▸ INSTRUCTIONS TO FOLLOW
Exact repetition of a range: find the line containing "signalrot RAL 3001 |" and the line containing "Smooth Writing: Eyeye" in the material below, then repeat both and all lines between them, leaving pictures out.

(PROVIDED DATA)

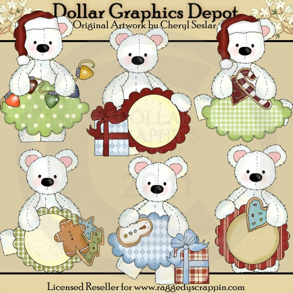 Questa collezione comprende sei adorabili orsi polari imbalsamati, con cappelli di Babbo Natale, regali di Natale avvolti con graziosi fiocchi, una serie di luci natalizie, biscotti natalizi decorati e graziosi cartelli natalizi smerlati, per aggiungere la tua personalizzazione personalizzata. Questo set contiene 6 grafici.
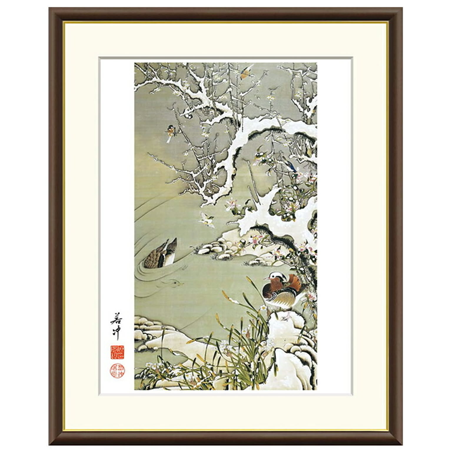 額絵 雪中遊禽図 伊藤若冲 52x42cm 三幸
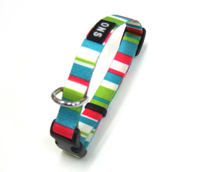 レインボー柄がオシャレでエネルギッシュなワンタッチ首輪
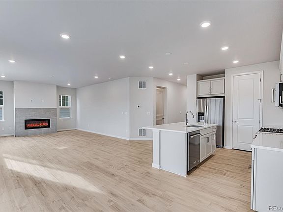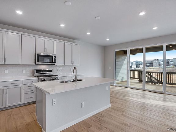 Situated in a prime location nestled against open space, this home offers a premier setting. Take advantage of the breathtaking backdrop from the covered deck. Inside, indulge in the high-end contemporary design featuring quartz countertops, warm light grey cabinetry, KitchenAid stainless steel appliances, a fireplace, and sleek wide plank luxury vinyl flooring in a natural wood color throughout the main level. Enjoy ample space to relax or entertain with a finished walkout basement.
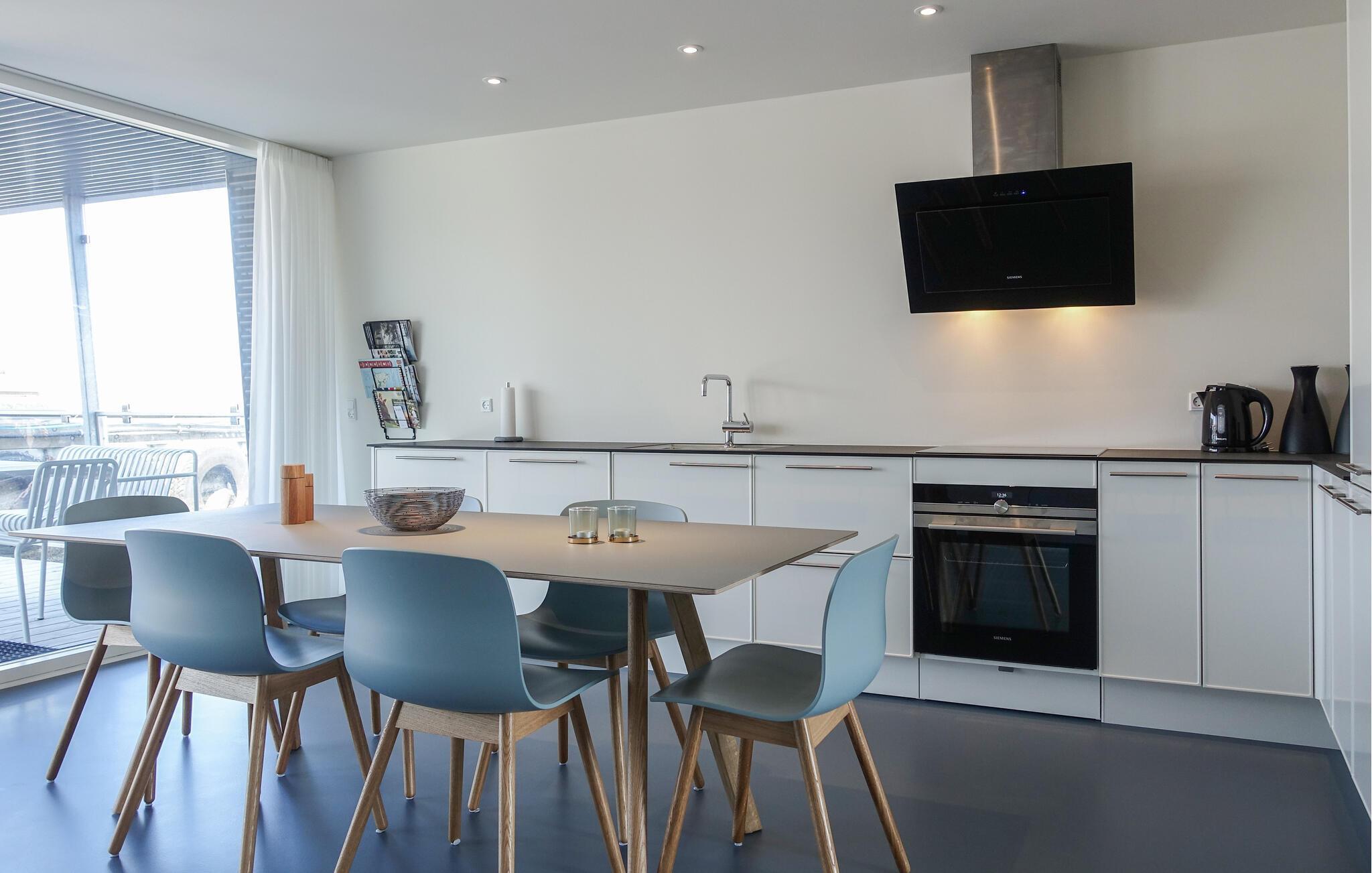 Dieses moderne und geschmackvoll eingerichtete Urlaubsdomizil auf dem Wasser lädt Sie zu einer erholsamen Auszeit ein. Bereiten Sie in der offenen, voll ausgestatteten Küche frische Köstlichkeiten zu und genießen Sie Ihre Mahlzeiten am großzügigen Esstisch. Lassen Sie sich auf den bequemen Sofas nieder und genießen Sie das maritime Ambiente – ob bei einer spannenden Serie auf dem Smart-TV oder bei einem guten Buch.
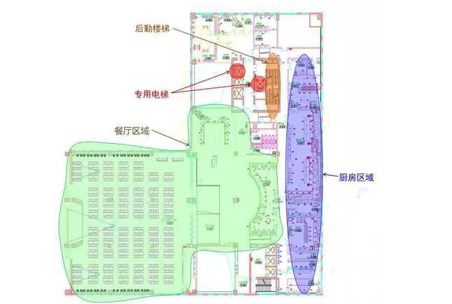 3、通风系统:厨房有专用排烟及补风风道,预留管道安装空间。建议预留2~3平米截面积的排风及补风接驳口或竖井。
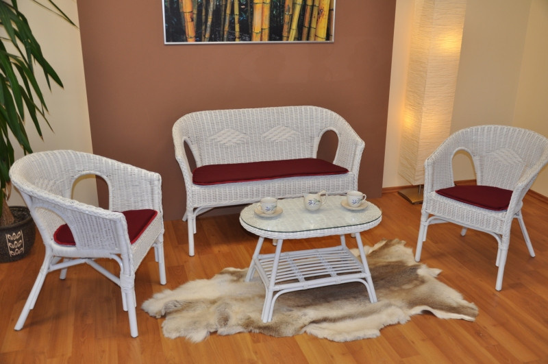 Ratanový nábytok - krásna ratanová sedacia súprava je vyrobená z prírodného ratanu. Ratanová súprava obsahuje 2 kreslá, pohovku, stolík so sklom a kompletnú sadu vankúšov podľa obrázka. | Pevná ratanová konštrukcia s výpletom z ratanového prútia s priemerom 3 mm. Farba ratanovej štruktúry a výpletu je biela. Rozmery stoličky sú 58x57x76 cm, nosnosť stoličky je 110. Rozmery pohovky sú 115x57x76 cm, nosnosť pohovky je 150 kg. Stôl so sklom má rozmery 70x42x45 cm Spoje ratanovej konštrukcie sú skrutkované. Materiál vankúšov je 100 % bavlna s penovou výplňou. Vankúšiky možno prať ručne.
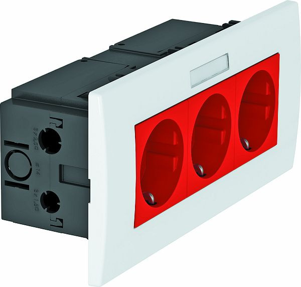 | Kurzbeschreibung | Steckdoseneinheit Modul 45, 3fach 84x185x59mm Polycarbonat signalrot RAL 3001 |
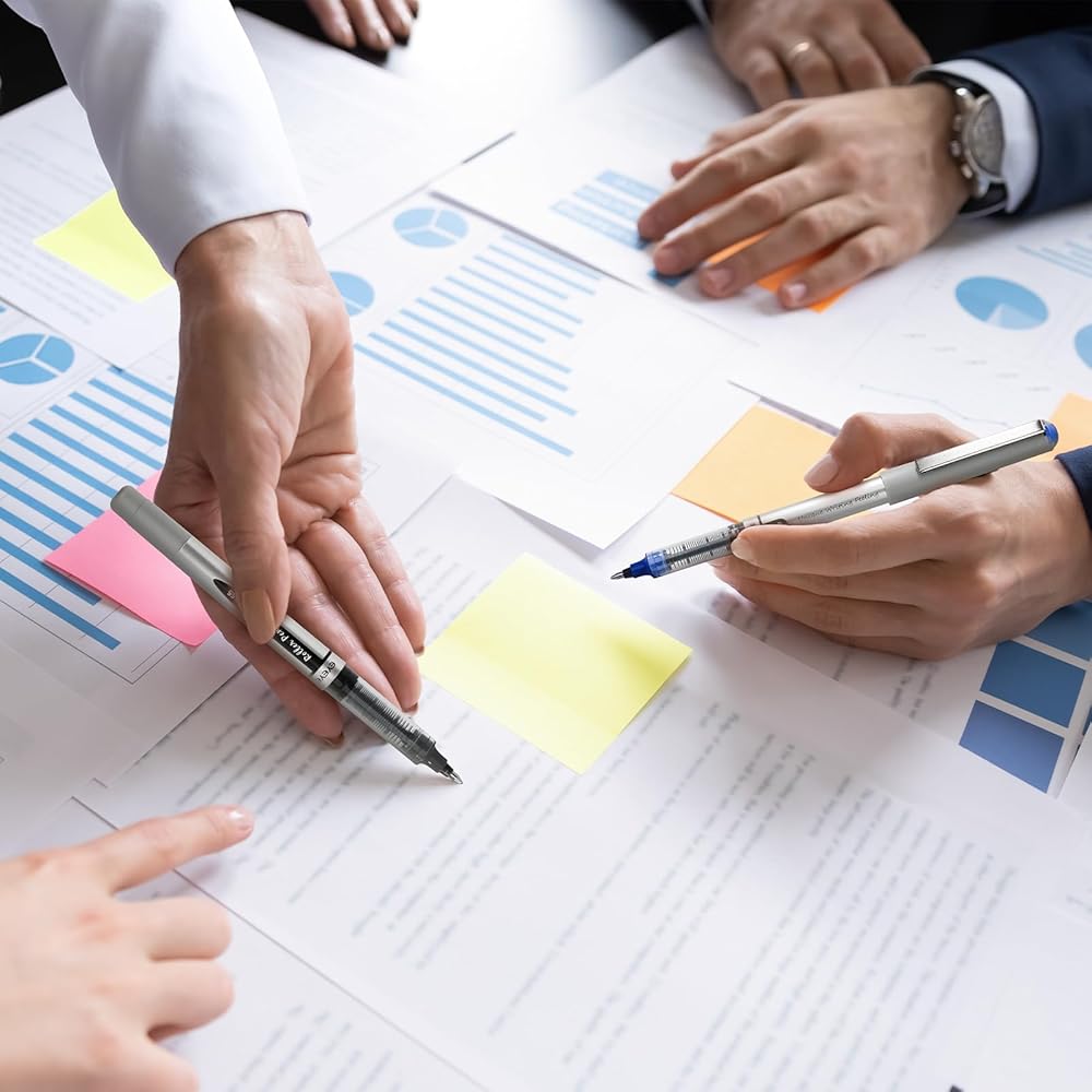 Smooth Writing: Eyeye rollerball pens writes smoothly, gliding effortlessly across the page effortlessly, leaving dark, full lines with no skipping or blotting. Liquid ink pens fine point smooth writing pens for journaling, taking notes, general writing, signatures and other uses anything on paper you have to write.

(End PROVIDED DATA)
(PROVIDED DATA)

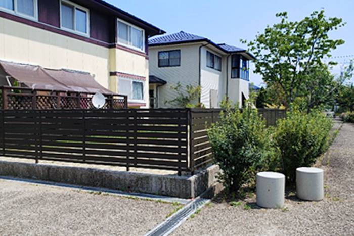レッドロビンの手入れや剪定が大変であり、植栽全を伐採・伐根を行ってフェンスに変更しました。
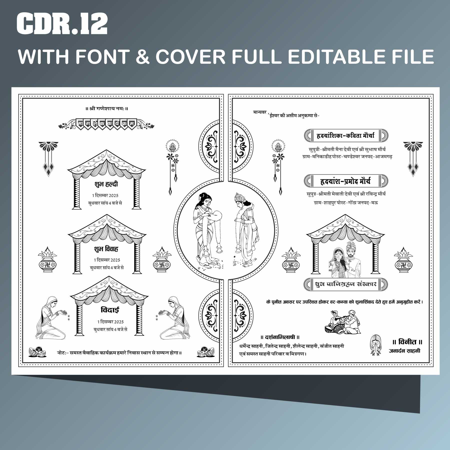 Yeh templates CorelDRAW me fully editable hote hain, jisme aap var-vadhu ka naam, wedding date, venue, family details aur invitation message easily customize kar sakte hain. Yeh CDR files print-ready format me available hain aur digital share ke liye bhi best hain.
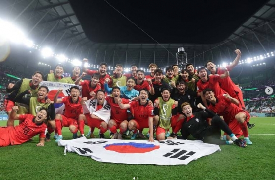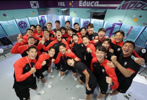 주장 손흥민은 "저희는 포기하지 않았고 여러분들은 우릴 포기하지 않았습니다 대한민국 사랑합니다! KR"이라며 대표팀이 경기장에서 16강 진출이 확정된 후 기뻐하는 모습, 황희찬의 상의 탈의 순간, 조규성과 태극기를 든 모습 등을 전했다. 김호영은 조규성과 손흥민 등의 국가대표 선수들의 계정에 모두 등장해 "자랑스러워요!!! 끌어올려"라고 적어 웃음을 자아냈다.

(End PROVIDED DATA)

▸ EXPECTED OUTPUT
 | Kurzbeschreibung | Steckdoseneinheit Modul 45, 3fach 84x185x59mm Polycarbonat signalrot RAL 3001 |
 Smooth Writing: Eyeye rollerball pens writes smoothly, gliding effortlessly across the page effortlessly, leaving dark, full lines with no skipping or blotting. Liquid ink pens fine point smooth writing pens for journaling, taking notes, general writing, signatures and other uses anything on paper you have to write.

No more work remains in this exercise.